Exclude the pictures, then copy word for word the lines running from the beginning of the records through the line with "2019年至2021年,燕京".
=== Begin Enclosure ===
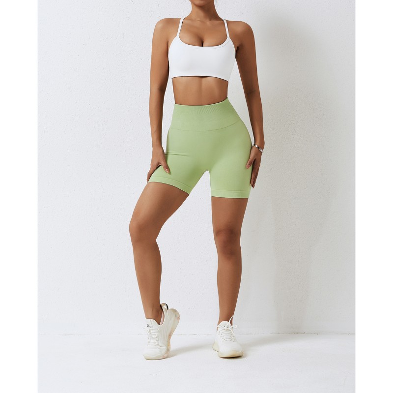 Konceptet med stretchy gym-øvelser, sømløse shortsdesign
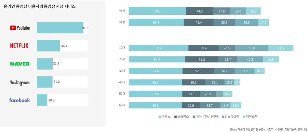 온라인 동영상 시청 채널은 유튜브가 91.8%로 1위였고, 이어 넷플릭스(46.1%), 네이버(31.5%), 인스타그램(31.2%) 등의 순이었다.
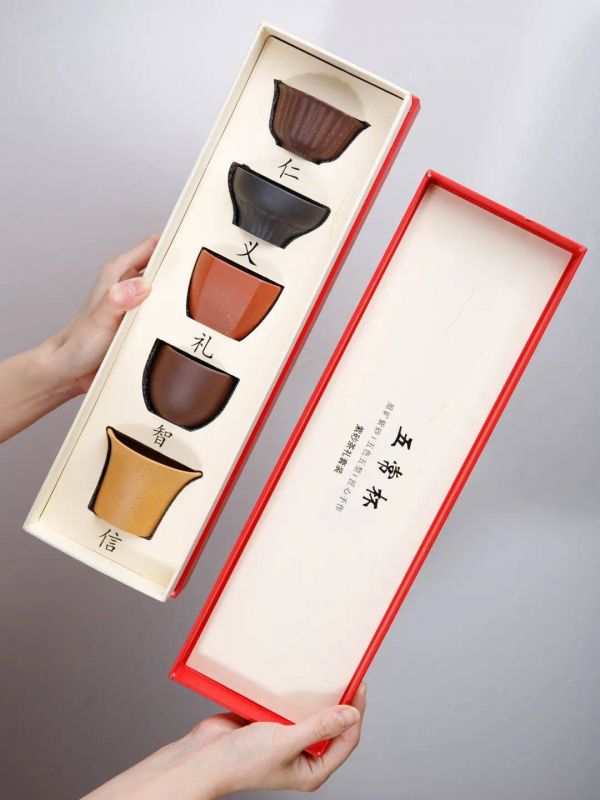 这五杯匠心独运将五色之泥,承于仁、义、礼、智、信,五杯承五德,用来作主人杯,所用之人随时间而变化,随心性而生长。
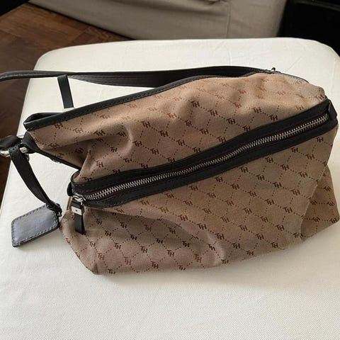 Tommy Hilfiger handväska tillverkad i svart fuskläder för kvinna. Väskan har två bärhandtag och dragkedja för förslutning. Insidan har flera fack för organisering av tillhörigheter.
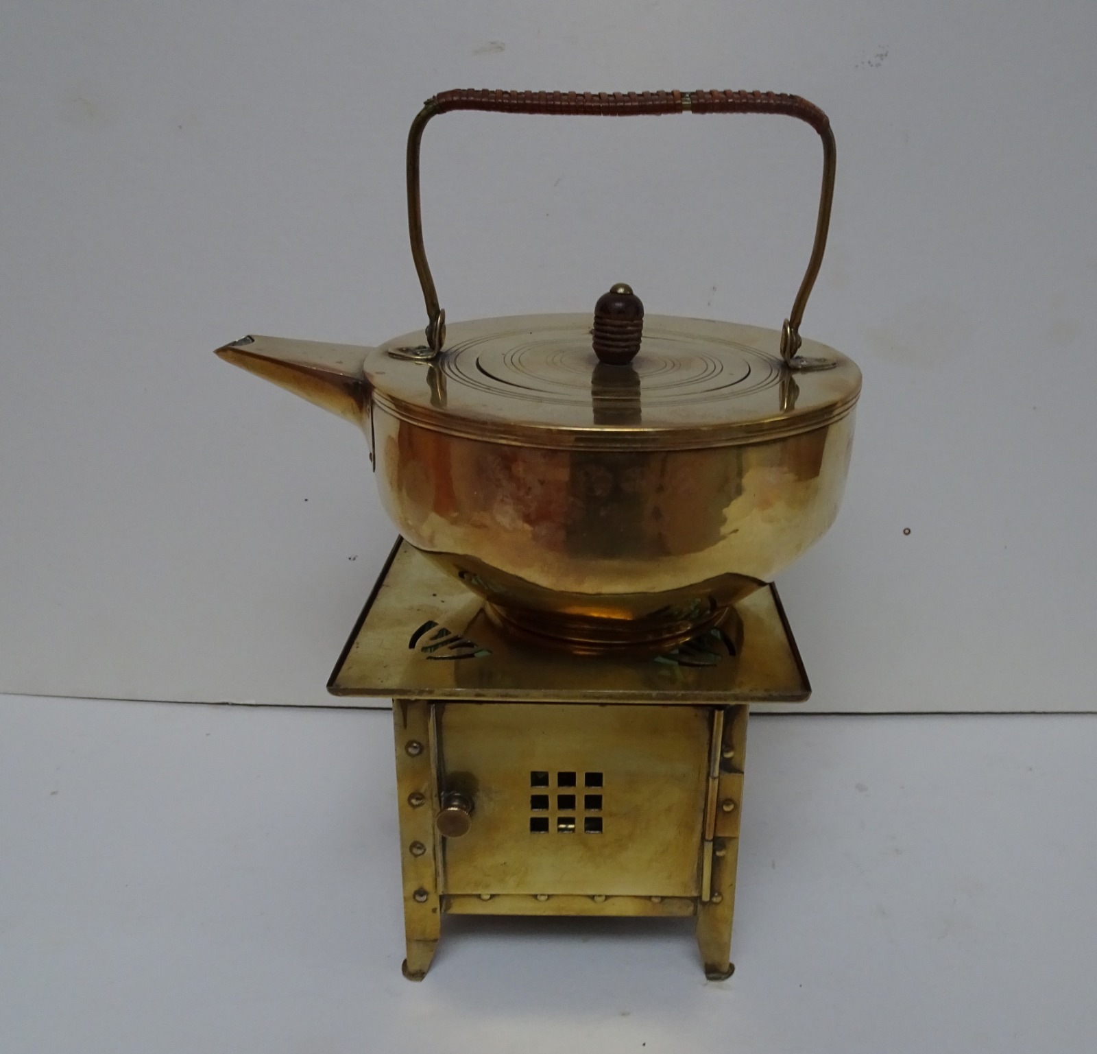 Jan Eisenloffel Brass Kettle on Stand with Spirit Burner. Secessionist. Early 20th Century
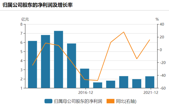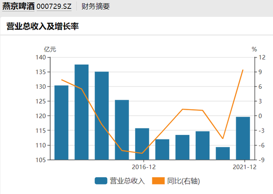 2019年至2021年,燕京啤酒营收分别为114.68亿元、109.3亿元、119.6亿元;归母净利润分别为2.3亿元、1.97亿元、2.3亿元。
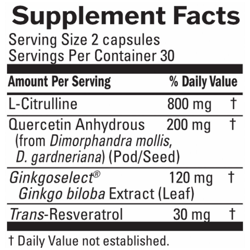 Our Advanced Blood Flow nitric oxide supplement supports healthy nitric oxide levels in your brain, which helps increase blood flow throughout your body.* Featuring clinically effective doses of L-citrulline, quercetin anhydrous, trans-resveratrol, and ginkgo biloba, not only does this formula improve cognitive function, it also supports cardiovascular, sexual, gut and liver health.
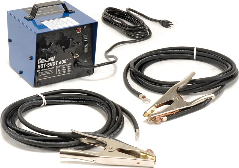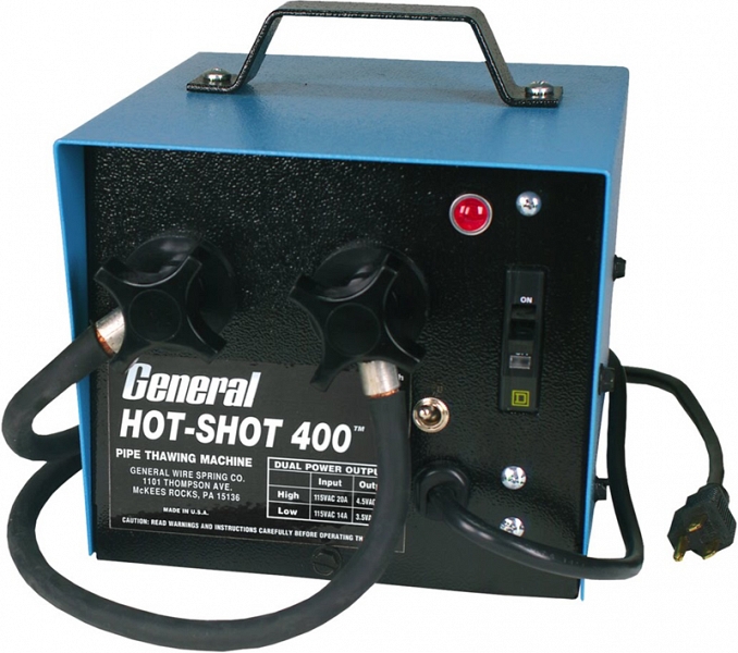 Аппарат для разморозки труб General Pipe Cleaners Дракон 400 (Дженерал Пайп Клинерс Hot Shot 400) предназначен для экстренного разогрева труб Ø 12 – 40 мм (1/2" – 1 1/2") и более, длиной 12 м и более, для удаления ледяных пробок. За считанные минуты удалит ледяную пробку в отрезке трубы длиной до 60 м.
=== End Enclosure ===
ANSWER BELOW:
 Konceptet med stretchy gym-øvelser, sømløse shortsdesign
 온라인 동영상 시청 채널은 유튜브가 91.8%로 1위였고, 이어 넷플릭스(46.1%), 네이버(31.5%), 인스타그램(31.2%) 등의 순이었다.
 这五杯匠心独运将五色之泥,承于仁、义、礼、智、信,五杯承五德,用来作主人杯,所用之人随时间而变化,随心性而生长。
 Tommy Hilfiger handväska tillverkad i svart fuskläder för kvinna. Väskan har två bärhandtag och dragkedja för förslutning. Insidan har flera fack för organisering av tillhörigheter.
 Jan Eisenloffel Brass Kettle on Stand with Spirit Burner. Secessionist. Early 20th Century
 2019年至2021年,燕京啤酒营收分别为114.68亿元、109.3亿元、119.6亿元;归母净利润分别为2.3亿元、1.97亿元、2.3亿元。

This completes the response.